Discussion in 'General Parenting' started by Malika, May 29, 2012.

  1. Malika

    Malika Well-Known Member

    J's teacher gave me back the Conners questionnaire today. Here is her assessment - there were four possible categories to check: not at all, a little, a lot, or an extreme amount. The teacher "invented" a new category of "between a little and a lot" - a medium amount?! - which she gave in response to quite a lot of the questions and which I translate as "quite a lot". Any views/insights gratefuly received (calling IC :))
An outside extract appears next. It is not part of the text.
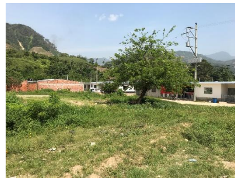
Imagen 3. Vista del predio
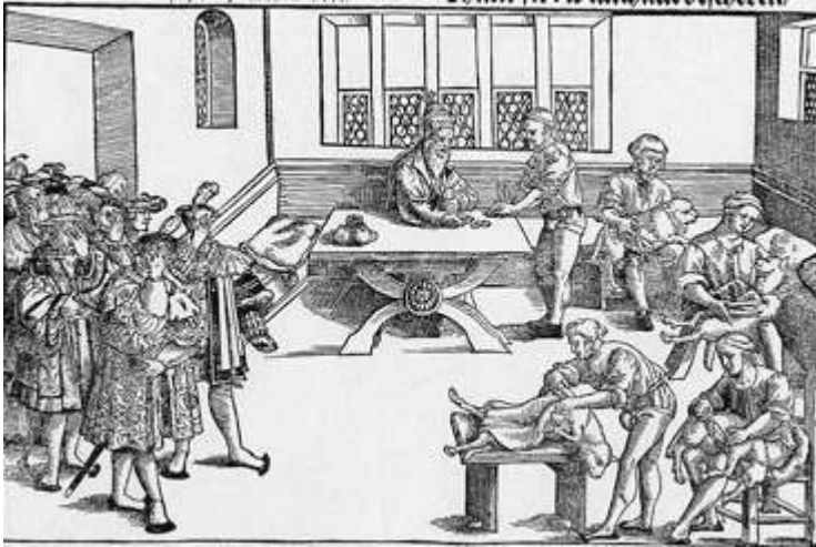
Anonyme (ca.1530), L'avertissement du Pape à ses valets du Temple 77

    1. Agitated, moves around on his chair - a little.
    2. Makes incongruous noises - here she has marked "a little" and written "sometimes whistles" - well, he has just learnt to whistle and is very proud of it, so...
    3. Has to have what he wants immediately - a little.
    4. Messes about - quite a lot.
    5. Tantrums and unpredictable behaviour - not at all.
    6. Over-sensitive to criticism - a little.
    7. Distracted or fluctuating attention - quite a lot
    8. Disturbs the other children - quite a lot.
    9. Dreamer - not at all.
    10. Sulks - a litle.
    11. Rapidly and marked change of mood - not at all.
    12. Likes to fight - quite a lot.
    13. Accepts authority - quite a lot (I wonder if she misunderstood the question, which is rather clumsily worded, to mean "does not accept authority")
    14. Agitated, always running about - a little.
    15. Easily excited and impulsive - a lot.
    16. Demands excessive attention from the teacher - a lot.
    17. Seems poorly accepted by the group - not at all.
    18. Lets himself be led around by other children - not at all.
    19. Is a poor loser - a little.
    20. Seems to lack the ability to involve or lead others - not at all.
    21. Finds it difficult to finish what he has started - not at all.
    22. Puerile and immature - not at all.
    23. Denies his mistakes and accuses others - a little.
    24. Difficulties getting on with other children - a little.
    25. Not very co-operative with his classmates - here she has written "most co-operative with those younger than him"
    26. Easily angered when he has to make an effort - not at all.
    27. Learning difficulties - a little.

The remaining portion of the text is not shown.